*EXERCISE:*
Below are records to print word for word; include none of their pictures.

___

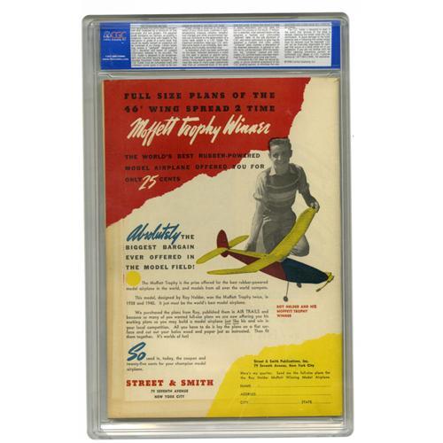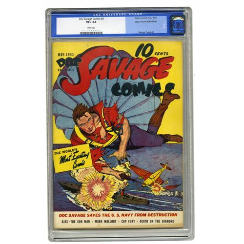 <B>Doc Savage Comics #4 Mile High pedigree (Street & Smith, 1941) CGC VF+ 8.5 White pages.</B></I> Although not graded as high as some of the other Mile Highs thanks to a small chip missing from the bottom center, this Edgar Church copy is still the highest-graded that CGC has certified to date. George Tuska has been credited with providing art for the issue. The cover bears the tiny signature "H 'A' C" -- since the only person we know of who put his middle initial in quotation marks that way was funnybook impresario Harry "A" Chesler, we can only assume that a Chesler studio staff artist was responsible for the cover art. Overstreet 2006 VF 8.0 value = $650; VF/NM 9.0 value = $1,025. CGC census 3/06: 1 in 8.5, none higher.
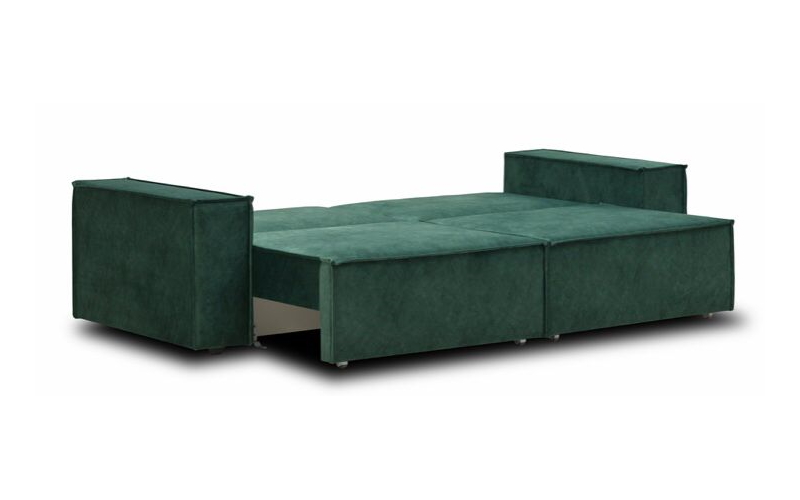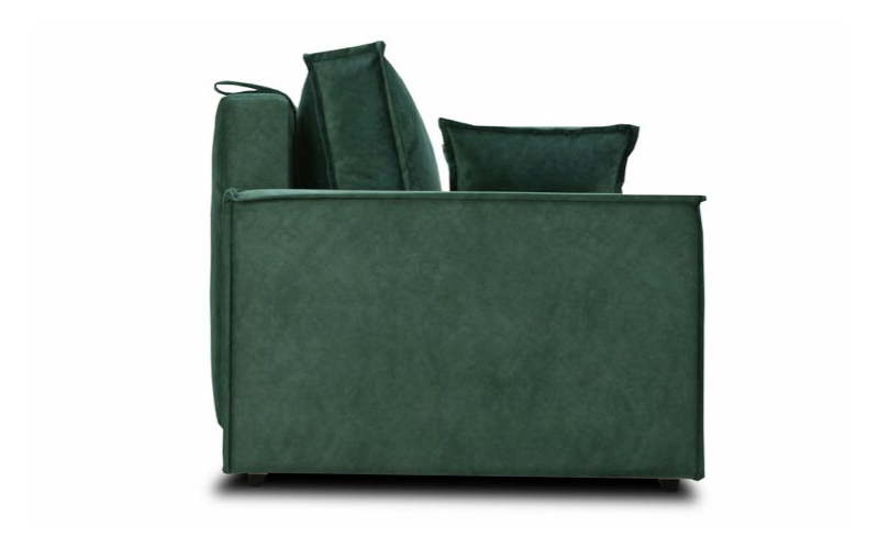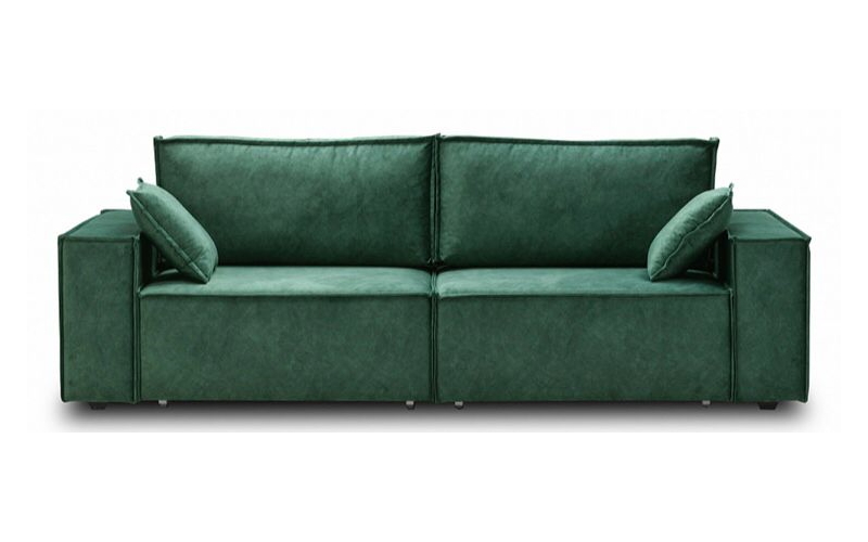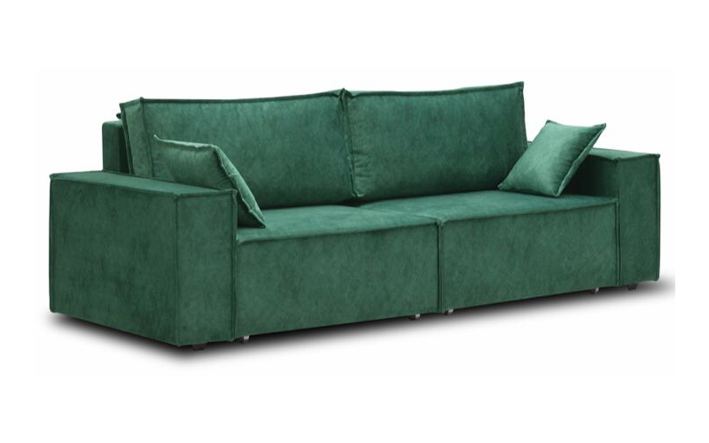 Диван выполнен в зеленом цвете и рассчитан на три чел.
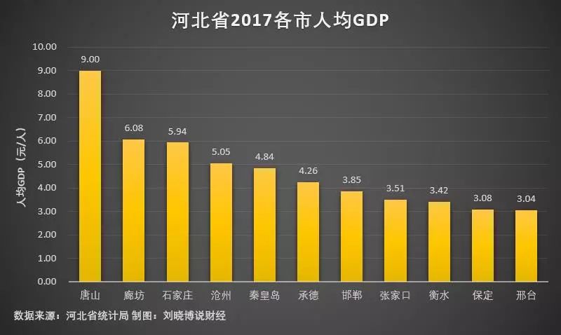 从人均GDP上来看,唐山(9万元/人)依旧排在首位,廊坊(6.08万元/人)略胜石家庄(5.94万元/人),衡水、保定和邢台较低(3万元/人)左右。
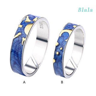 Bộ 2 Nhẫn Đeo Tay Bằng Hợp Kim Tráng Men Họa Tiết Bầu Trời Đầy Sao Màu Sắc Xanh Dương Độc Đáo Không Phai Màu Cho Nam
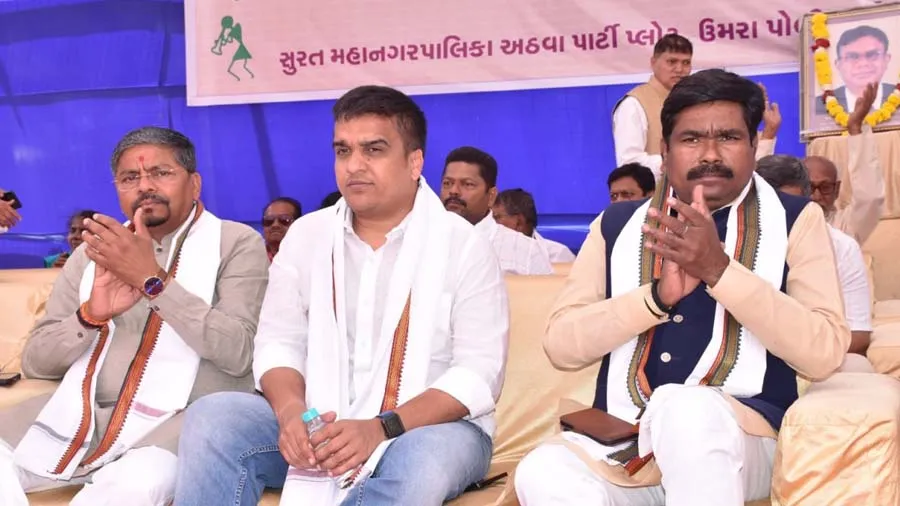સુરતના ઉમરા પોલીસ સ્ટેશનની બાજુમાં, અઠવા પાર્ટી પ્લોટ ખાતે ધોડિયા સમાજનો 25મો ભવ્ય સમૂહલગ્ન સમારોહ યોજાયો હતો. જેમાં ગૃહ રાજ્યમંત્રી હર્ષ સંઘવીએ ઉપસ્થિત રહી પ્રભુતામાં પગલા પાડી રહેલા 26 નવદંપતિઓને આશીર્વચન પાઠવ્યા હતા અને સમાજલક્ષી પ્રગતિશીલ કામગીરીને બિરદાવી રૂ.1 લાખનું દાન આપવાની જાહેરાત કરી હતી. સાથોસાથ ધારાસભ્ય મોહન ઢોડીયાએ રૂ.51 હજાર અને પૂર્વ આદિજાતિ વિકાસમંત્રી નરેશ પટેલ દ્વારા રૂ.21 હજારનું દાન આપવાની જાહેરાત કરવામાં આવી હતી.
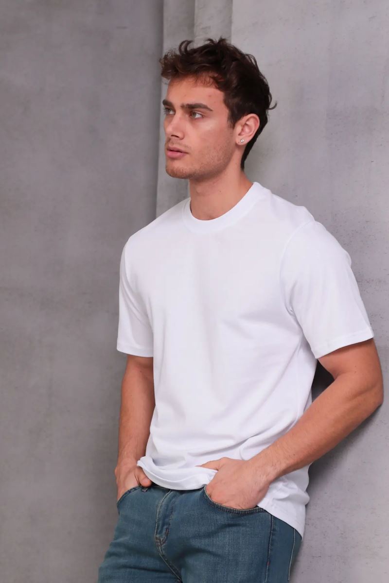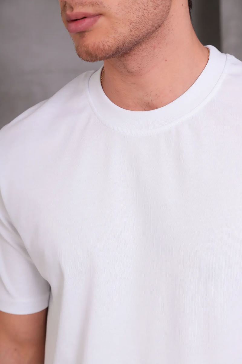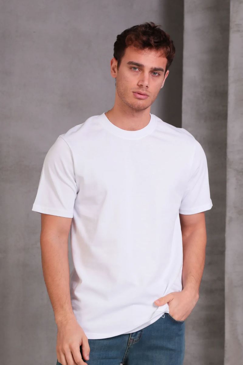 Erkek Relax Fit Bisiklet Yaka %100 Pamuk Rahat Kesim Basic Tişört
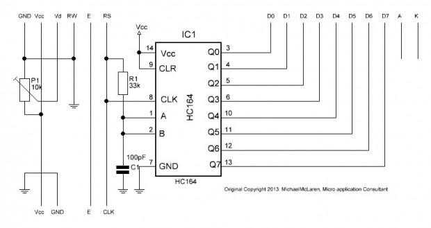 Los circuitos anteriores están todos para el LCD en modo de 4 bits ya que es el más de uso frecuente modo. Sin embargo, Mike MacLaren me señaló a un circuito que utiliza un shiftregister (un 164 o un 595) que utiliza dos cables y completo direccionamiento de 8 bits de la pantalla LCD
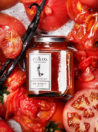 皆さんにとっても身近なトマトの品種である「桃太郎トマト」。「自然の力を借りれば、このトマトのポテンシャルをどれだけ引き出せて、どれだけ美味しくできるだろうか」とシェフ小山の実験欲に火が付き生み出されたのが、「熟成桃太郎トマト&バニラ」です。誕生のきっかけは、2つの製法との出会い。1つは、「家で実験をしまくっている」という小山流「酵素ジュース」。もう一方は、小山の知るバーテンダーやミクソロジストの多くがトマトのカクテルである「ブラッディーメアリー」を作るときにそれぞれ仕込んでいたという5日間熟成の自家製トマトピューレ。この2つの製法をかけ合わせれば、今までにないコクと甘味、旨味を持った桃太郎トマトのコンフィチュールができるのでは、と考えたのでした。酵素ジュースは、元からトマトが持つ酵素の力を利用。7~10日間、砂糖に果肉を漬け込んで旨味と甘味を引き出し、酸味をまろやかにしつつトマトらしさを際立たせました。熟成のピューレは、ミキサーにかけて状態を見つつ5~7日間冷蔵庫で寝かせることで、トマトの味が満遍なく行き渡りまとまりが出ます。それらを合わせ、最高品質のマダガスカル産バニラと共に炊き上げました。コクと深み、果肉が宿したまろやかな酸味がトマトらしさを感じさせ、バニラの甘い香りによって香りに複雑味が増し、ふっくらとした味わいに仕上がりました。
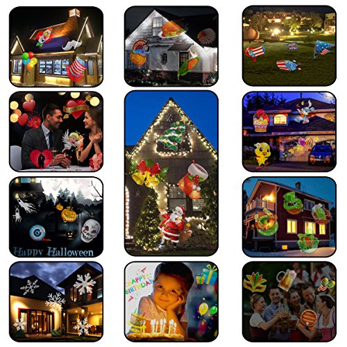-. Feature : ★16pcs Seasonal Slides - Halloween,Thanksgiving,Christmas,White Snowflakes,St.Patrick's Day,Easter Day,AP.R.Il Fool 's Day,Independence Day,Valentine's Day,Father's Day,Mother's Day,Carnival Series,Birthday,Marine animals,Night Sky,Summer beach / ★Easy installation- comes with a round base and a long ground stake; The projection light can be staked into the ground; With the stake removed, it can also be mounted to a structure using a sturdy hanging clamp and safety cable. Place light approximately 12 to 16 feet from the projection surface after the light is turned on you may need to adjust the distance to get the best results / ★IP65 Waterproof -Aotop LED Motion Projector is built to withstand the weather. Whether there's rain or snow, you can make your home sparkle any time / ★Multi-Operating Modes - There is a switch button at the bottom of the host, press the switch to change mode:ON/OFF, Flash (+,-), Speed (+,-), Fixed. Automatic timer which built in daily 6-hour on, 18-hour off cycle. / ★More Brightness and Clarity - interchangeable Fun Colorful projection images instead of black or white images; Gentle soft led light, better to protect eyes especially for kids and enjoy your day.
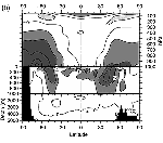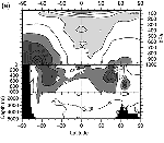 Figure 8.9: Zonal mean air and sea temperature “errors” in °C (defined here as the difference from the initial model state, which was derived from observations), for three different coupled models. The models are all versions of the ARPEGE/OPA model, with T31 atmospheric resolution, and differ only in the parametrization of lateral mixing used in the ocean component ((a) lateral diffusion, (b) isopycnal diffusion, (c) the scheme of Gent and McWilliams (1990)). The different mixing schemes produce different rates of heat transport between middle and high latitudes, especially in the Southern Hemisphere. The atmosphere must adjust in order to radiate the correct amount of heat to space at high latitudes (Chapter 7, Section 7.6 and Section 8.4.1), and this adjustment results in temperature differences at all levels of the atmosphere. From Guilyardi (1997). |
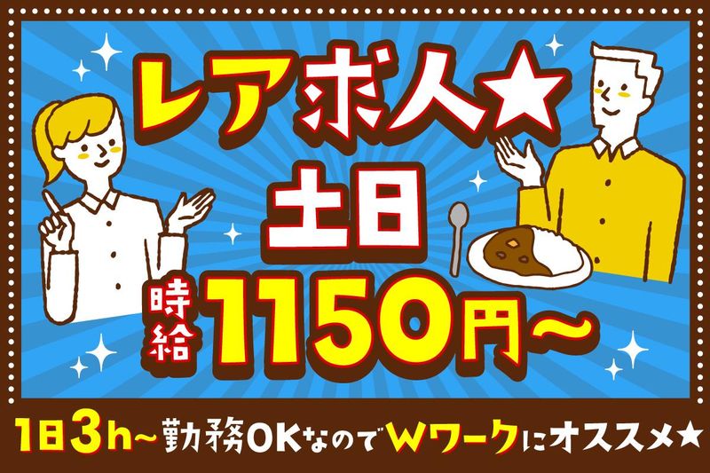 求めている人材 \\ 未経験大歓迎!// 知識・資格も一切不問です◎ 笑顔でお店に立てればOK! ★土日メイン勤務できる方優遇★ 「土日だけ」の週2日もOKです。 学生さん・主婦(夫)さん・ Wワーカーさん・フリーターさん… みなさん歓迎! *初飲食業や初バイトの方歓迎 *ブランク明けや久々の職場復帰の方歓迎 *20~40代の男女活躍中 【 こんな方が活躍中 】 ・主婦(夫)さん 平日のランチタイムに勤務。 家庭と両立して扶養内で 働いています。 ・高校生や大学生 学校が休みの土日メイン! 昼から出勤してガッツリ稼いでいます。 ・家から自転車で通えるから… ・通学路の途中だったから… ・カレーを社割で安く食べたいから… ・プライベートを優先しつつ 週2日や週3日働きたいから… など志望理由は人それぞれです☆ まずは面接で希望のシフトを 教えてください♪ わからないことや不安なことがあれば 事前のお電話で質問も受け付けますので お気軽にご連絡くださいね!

___

*EXERCISE ANSWER:*
 <B>Doc Savage Comics #4 Mile High pedigree (Street & Smith, 1941) CGC VF+ 8.5 White pages.</B></I> Although not graded as high as some of the other Mile Highs thanks to a small chip missing from the bottom center, this Edgar Church copy is still the highest-graded that CGC has certified to date. George Tuska has been credited with providing art for the issue. The cover bears the tiny signature "H 'A' C" -- since the only person we know of who put his middle initial in quotation marks that way was funnybook impresario Harry "A" Chesler, we can only assume that a Chesler studio staff artist was responsible for the cover art. Overstreet 2006 VF 8.0 value = $650; VF/NM 9.0 value = $1,025. CGC census 3/06: 1 in 8.5, none higher.
 Диван выполнен в зеленом цвете и рассчитан на три чел.
 从人均GDP上来看,唐山(9万元/人)依旧排在首位,廊坊(6.08万元/人)略胜石家庄(5.94万元/人),衡水、保定和邢台较低(3万元/人)左右。
 Bộ 2 Nhẫn Đeo Tay Bằng Hợp Kim Tráng Men Họa Tiết Bầu Trời Đầy Sao Màu Sắc Xanh Dương Độc Đáo Không Phai Màu Cho Nam
સુરતના ઉમરા પોલીસ સ્ટેશનની બાજુમાં, અઠવા પાર્ટી પ્લોટ ખાતે ધોડિયા સમાજનો 25મો ભવ્ય સમૂહલગ્ન સમારોહ યોજાયો હતો. જેમાં ગૃહ રાજ્યમંત્રી હર્ષ સંઘવીએ ઉપસ્થિત રહી પ્રભુતામાં પગલા પાડી રહેલા 26 નવદંપતિઓને આશીર્વચન પાઠવ્યા હતા અને સમાજલક્ષી પ્રગતિશીલ કામગીરીને બિરદાવી રૂ.1 લાખનું દાન આપવાની જાહેરાત કરી હતી. સાથોસાથ ધારાસભ્ય મોહન ઢોડીયાએ રૂ.51 હજાર અને પૂર્વ આદિજાતિ વિકાસમંત્રી નરેશ પટેલ દ્વારા રૂ.21 હજારનું દાન આપવાની જાહેરાત કરવામાં આવી હતી.
 Erkek Relax Fit Bisiklet Yaka %100 Pamuk Rahat Kesim Basic Tişört
 Los circuitos anteriores están todos para el LCD en modo de 4 bits ya que es el más de uso frecuente modo. Sin embargo, Mike MacLaren me señaló a un circuito que utiliza un shiftregister (un 164 o un 595) que utiliza dos cables y completo direccionamiento de 8 bits de la pantalla LCD
 皆さんにとっても身近なトマトの品種である「桃太郎トマト」。「自然の力を借りれば、このトマトのポテンシャルをどれだけ引き出せて、どれだけ美味しくできるだろうか」とシェフ小山の実験欲に火が付き生み出されたのが、「熟成桃太郎トマト&バニラ」です。誕生のきっかけは、2つの製法との出会い。1つは、「家で実験をしまくっている」という小山流「酵素ジュース」。もう一方は、小山の知るバーテンダーやミクソロジストの多くがトマトのカクテルである「ブラッディーメアリー」を作るときにそれぞれ仕込んでいたという5日間熟成の自家製トマトピューレ。この2つの製法をかけ合わせれば、今までにないコクと甘味、旨味を持った桃太郎トマトのコンフィチュールができるのでは、と考えたのでした。酵素ジュースは、元からトマトが持つ酵素の力を利用。7~10日間、砂糖に果肉を漬け込んで旨味と甘味を引き出し、酸味をまろやかにしつつトマトらしさを際立たせました。熟成のピューレは、ミキサーにかけて状態を見つつ5~7日間冷蔵庫で寝かせることで、トマトの味が満遍なく行き渡りまとまりが出ます。それらを合わせ、最高品質のマダガスカル産バニラと共に炊き上げました。コクと深み、果肉が宿したまろやかな酸味がトマトらしさを感じさせ、バニラの甘い香りによって香りに複雑味が増し、ふっくらとした味わいに仕上がりました。
-. Feature : ★16pcs Seasonal Slides - Halloween,Thanksgiving,Christmas,White Snowflakes,St.Patrick's Day,Easter Day,AP.R.Il Fool 's Day,Independence Day,Valentine's Day,Father's Day,Mother's Day,Carnival Series,Birthday,Marine animals,Night Sky,Summer beach / ★Easy installation- comes with a round base and a long ground stake; The projection light can be staked into the ground; With the stake removed, it can also be mounted to a structure using a sturdy hanging clamp and safety cable. Place light approximately 12 to 16 feet from the projection surface after the light is turned on you may need to adjust the distance to get the best results / ★IP65 Waterproof -Aotop LED Motion Projector is built to withstand the weather. Whether there's rain or snow, you can make your home sparkle any time / ★Multi-Operating Modes - There is a switch button at the bottom of the host, press the switch to change mode:ON/OFF, Flash (+,-), Speed (+,-), Fixed. Automatic timer which built in daily 6-hour on, 18-hour off cycle. / ★More Brightness and Clarity - interchangeable Fun Colorful projection images instead of black or white images; Gentle soft led light, better to protect eyes especially for kids and enjoy your day.
 Figure 8.9: Zonal mean air and sea temperature “errors” in °C (defined here as the difference from the initial model state, which was derived from observations), for three different coupled models. The models are all versions of the ARPEGE/OPA model, with T31 atmospheric resolution, and differ only in the parametrization of lateral mixing used in the ocean component ((a) lateral diffusion, (b) isopycnal diffusion, (c) the scheme of Gent and McWilliams (1990)). The different mixing schemes produce different rates of heat transport between middle and high latitudes, especially in the Southern Hemisphere. The atmosphere must adjust in order to radiate the correct amount of heat to space at high latitudes (Chapter 7, Section 7.6 and Section 8.4.1), and this adjustment results in temperature differences at all levels of the atmosphere. From Guilyardi (1997). |
 求めている人材 \\ 未経験大歓迎!// 知識・資格も一切不問です◎ 笑顔でお店に立てればOK! ★土日メイン勤務できる方優遇★ 「土日だけ」の週2日もOKです。 学生さん・主婦(夫)さん・ Wワーカーさん・フリーターさん… みなさん歓迎! *初飲食業や初バイトの方歓迎 *ブランク明けや久々の職場復帰の方歓迎 *20~40代の男女活躍中 【 こんな方が活躍中 】 ・主婦(夫)さん 平日のランチタイムに勤務。 家庭と両立して扶養内で 働いています。 ・高校生や大学生 学校が休みの土日メイン! 昼から出勤してガッツリ稼いでいます。 ・家から自転車で通えるから… ・通学路の途中だったから… ・カレーを社割で安く食べたいから… ・プライベートを優先しつつ 週2日や週3日働きたいから… など志望理由は人それぞれです☆ まずは面接で希望のシフトを 教えてください♪ わからないことや不安なことがあれば 事前のお電話で質問も受け付けますので お気軽にご連絡くださいね!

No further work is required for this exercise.